Never has ‘All that, for less than the price of a cappuccino’ been more truly said of a newspaper than in the case of Standard Lite, the new London freesheet. Indeed, this metaphor may well have coloured the imagination of Evening Standard boss Mike Anderson as he described the Standard Lite as ‘a news snack. It still leaves you with an appetite for a West End final.’ Or so he will be devoutly hoping.
If Lite really is a snack, it’s certainly a pretty substantial one. Though the hybrid design deliberately reflects some elements of the Associated freesheet Metro, this is no Metro Premium. At 48 pages it weighs in at over two-thirds of the full monty version (68 pages). It yields little in the way of news coverage and, if it has shed some of the feature material (and supplements), it at least makes a token concession to City news, entertainment and eating out.
Advertisers and media buyers will salute the professionalism of the launch (even if the new paper was a few minutes late) and would be churlish not to acknowledge Anderson’s role in bringing genuine innovation to a moribund market. But despite his track record and the might of Associated behind the launch, they will take a lot of convincing that Standard Lite is going to do what it says it is going to do: halt the decline of the paid-for Evening Standard.
Let’s look first at the circulation arguments. There has been mounting desperation at the Evening Standard as it contemplates a circulation freefall. The net ABC figure for November was 370,832, which represents a nearly nine per cent loss over six months and a 2.72 per cent drop on October. Sure, 50,000 copies of the free Lite will bulk up the figure to over 400,000 again, but for how long? And, crucially, how will that extra circulation be broken down in ABC figures?
It need scarcely be said that introducing a freesheet edition as filling for a paid-for newspaper sandwich is a dangerous recipe. What if readers develop a taste for the free, at the expense of the paid-for? What if they would rather do without the added value of features, columnists, supplements and City coverage so long as the paper comes free? To some extent they have already proved they do. The success of Metro (ironically, Anderson’s baby) has been something of a Frankenstein’s monster, cannibalising the paid-for Standard. Associated would no doubt counter that they minimise this tendency by ring-fencing the distribution of Metro. True enough, they do: but they don’t recover the free copies of Metro lying about in tube carriages as passed on readership during the course of the day, and neither do transport officials.

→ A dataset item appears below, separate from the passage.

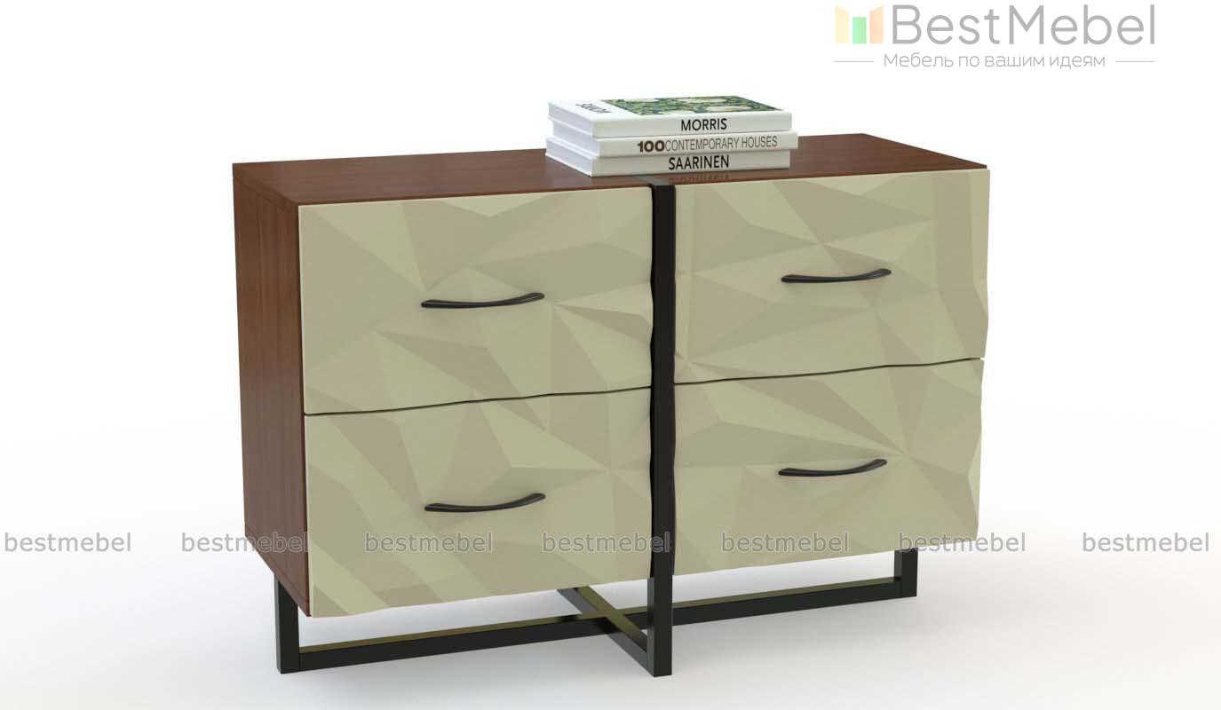 Комод Лайф 1 BMS станет не только практичным дополнением лофта, но и ярким элементом дизайна. Низкая модель на металлическом каркасе с перекрещенными опорными рамами декорирована по фасаду 3D фрезеровкой. Оборудованный четырьмя выдвижными ящиками, расположенными в два ряда, комод прекрасно подходит для хранения вещей и размещения интерьерных украшений. Купить комод Лайф 1 BMS вы сможете на сайте нашего интернет-магазина с выбором фурнитуры и цвета по каталогу.

Ah, but Lite appeals to a totally different demographic: it’s more skewed to young women who pop out at lunchtime, and less so to discerning (male) City and media/entertainment professionals. No possibility of confusing the readership profile here and little danger, therefore, of cannibalisation. The problem with this argument is that Lite dilutes the desirable upmarket element of the Standard brand so attractive to advertisers. They will be watching like hawks when the next ABCs come out to check whether any success on the part of Lite has eroded the paid-for newspaper. Associated may hope it can conceal the precise breakdown on a technicality (perhaps the purpose of giving Lite a 20p price tag), but it cannot be certain of this.
Anderson, in short, is proving himself a bold tactician. But is he a good strategist? We’ll see come the spring.